**Your instructions**
Look for the line containing "演練過程中,各科室成員表現(xiàn)出" and the line containing "with、core、ウィズコ" in the entries below. Copy those two and all lines between them exactly, leaving out pictures.
Exercise input Start Marker
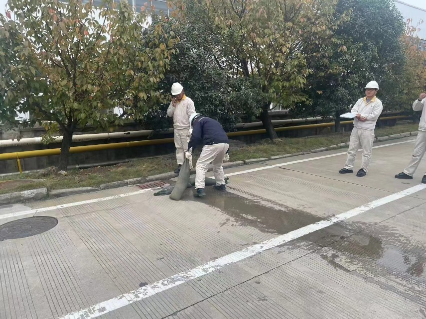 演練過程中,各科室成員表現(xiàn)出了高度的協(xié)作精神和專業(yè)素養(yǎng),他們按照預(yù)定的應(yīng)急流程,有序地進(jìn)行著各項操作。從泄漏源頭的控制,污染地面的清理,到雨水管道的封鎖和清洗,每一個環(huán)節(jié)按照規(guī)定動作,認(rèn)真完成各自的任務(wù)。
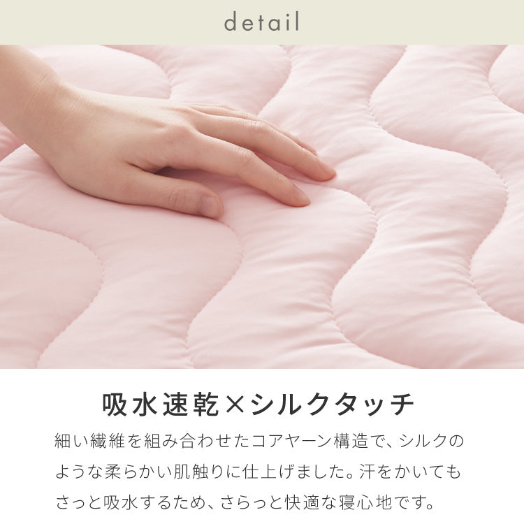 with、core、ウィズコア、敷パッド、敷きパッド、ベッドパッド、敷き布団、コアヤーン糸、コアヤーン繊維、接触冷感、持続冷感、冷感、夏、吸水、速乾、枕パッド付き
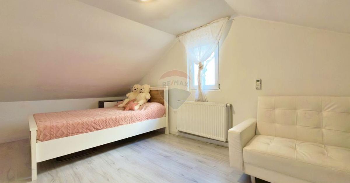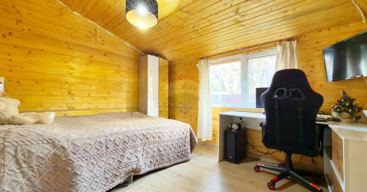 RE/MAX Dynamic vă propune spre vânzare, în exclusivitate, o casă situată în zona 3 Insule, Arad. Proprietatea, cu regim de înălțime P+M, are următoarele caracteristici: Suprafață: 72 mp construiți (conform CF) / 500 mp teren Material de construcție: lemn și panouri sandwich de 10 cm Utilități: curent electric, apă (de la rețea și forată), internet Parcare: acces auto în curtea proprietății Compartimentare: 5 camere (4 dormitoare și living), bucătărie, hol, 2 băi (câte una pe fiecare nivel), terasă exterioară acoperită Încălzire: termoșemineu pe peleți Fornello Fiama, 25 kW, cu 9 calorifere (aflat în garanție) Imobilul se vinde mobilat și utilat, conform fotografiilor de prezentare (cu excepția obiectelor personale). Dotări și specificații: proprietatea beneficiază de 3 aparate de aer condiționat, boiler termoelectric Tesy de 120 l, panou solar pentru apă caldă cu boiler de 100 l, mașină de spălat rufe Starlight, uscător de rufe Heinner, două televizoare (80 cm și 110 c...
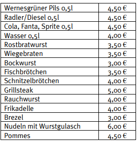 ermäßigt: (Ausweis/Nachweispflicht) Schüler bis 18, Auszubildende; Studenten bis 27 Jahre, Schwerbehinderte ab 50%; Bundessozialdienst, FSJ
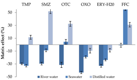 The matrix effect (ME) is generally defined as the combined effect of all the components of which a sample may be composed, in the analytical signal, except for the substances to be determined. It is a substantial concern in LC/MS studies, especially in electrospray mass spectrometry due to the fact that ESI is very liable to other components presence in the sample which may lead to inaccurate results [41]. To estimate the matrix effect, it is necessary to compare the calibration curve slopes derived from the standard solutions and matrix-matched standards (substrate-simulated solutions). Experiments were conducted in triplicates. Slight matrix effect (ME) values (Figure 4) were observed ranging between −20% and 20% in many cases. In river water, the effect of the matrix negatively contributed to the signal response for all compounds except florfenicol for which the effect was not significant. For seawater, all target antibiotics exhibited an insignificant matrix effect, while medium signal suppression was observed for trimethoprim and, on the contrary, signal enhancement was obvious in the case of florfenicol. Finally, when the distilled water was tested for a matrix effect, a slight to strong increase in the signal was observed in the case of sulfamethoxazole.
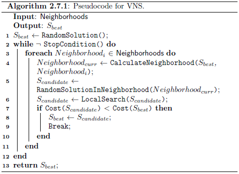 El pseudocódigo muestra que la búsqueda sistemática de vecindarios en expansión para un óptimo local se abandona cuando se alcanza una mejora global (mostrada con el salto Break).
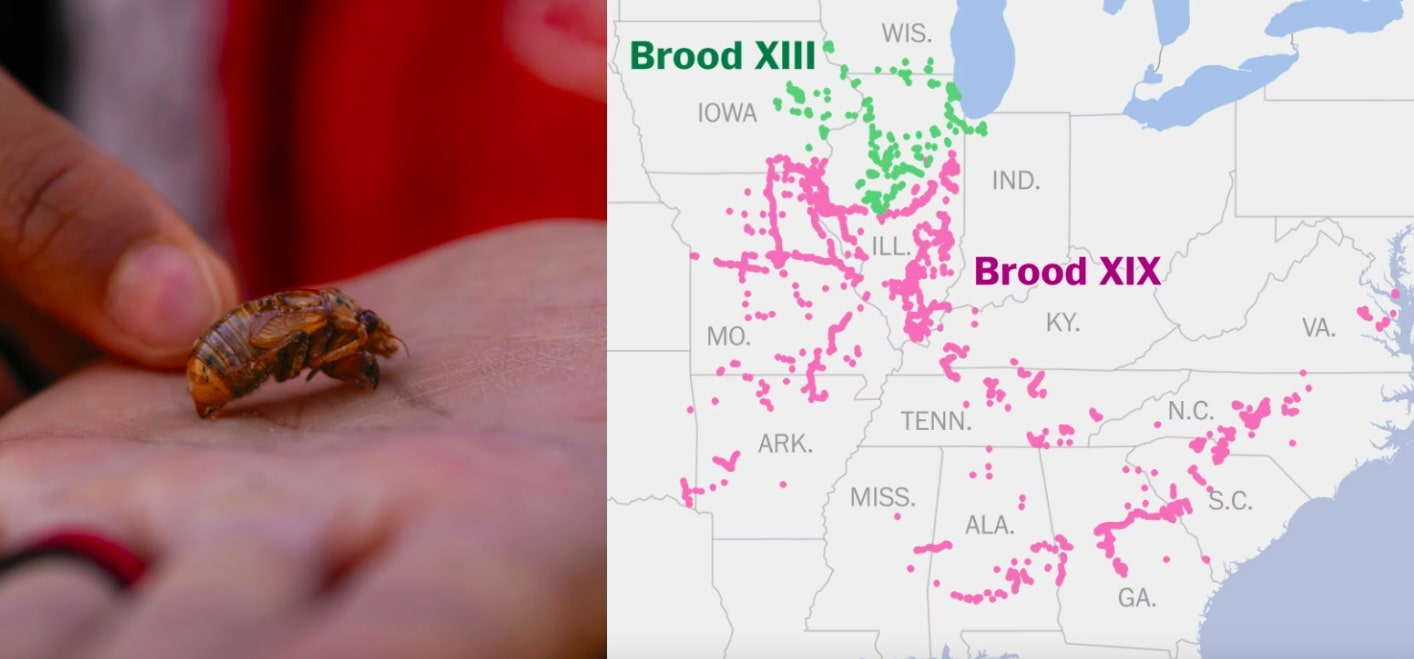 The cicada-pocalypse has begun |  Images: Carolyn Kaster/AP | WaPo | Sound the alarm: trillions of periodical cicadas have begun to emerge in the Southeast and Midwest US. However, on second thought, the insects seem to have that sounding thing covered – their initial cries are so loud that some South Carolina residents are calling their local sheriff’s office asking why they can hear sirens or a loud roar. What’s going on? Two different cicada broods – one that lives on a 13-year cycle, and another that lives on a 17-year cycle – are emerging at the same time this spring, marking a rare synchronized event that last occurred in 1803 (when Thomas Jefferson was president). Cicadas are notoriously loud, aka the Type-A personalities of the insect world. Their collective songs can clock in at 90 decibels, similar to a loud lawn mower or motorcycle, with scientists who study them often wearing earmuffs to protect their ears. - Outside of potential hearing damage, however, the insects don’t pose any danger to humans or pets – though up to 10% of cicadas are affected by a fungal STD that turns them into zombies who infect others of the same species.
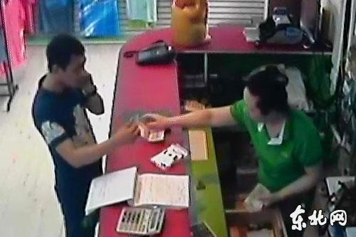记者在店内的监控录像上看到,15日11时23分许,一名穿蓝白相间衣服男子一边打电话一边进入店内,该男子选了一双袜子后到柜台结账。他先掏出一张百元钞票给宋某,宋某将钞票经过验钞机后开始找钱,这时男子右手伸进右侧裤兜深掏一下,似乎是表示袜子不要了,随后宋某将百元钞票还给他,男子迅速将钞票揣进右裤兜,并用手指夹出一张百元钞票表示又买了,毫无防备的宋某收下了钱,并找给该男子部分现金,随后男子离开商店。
Exercise input End Marker
Exercise input Start Marker
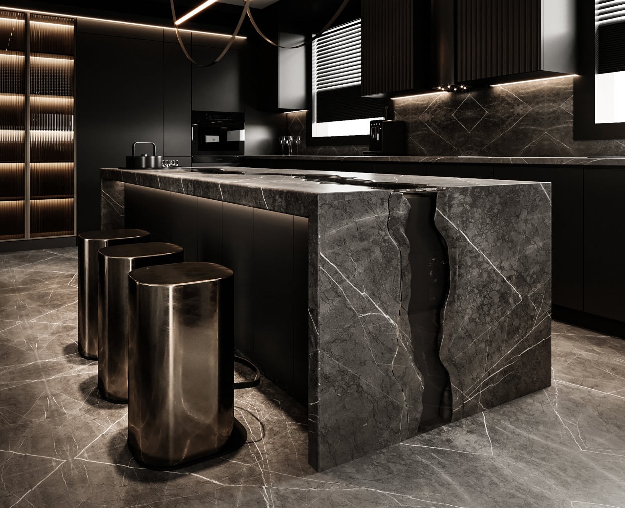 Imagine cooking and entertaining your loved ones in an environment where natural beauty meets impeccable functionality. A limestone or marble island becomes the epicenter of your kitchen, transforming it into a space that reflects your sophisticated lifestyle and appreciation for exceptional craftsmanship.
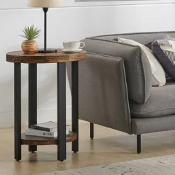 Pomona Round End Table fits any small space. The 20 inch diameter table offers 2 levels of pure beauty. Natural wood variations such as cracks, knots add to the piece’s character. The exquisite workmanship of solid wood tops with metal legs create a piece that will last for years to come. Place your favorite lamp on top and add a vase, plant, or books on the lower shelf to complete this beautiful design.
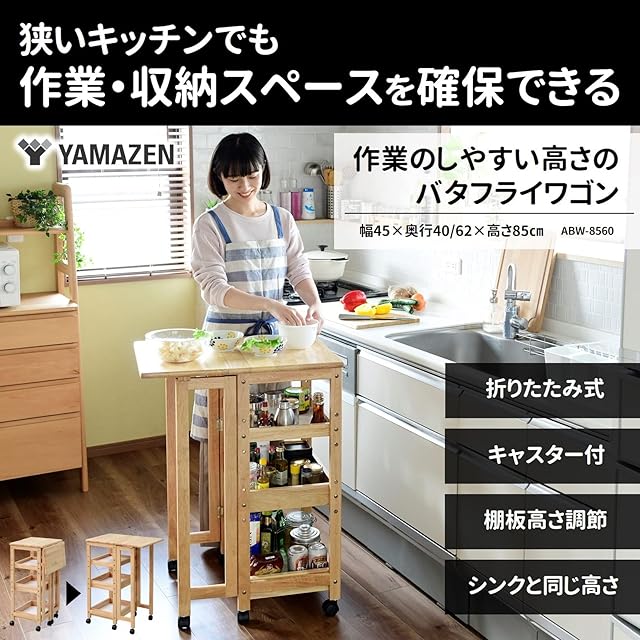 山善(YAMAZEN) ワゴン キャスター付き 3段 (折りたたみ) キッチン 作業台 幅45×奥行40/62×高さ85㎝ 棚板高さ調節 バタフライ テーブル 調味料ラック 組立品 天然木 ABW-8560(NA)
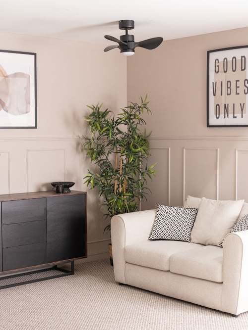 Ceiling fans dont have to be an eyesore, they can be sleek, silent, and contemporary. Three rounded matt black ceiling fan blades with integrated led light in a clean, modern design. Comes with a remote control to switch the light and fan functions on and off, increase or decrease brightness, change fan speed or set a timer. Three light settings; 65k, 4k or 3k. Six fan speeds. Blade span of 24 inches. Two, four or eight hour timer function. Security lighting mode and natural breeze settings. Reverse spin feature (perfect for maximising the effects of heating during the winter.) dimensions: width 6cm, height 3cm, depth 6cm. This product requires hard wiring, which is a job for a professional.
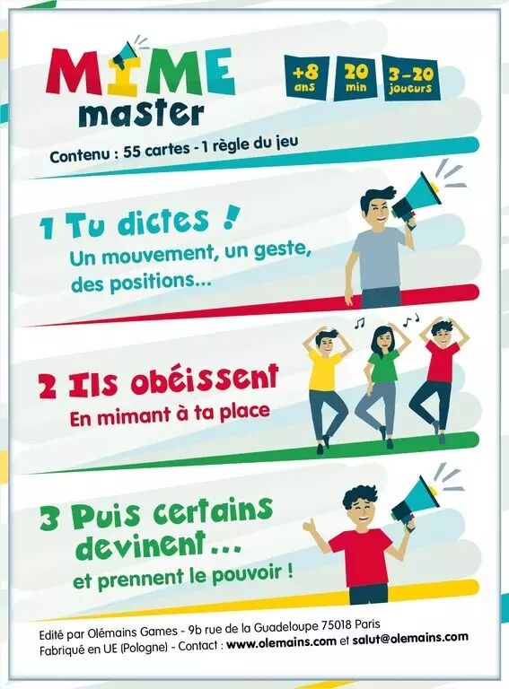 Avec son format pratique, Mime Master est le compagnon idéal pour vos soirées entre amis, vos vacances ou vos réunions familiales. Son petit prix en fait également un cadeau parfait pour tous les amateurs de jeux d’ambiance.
Exercise input End Marker
Exercise input Start Marker
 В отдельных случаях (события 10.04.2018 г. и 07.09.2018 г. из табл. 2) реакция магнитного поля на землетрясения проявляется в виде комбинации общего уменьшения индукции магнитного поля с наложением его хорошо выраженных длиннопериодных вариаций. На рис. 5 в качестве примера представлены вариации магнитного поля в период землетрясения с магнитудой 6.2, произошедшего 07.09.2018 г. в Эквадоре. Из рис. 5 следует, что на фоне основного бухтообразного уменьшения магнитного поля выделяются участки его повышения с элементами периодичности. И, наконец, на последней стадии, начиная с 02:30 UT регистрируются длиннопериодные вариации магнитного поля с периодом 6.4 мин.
Exercise input End Marker
**Task output**
 演練過程中,各科室成員表現(xiàn)出了高度的協(xié)作精神和專業(yè)素養(yǎng),他們按照預(yù)定的應(yīng)急流程,有序地進(jìn)行著各項操作。從泄漏源頭的控制,污染地面的清理,到雨水管道的封鎖和清洗,每一個環(huán)節(jié)按照規(guī)定動作,認(rèn)真完成各自的任務(wù)。
 with、core、ウィズコア、敷パッド、敷きパッド、ベッドパッド、敷き布団、コアヤーン糸、コアヤーン繊維、接触冷感、持続冷感、冷感、夏、吸水、速乾、枕パッド付き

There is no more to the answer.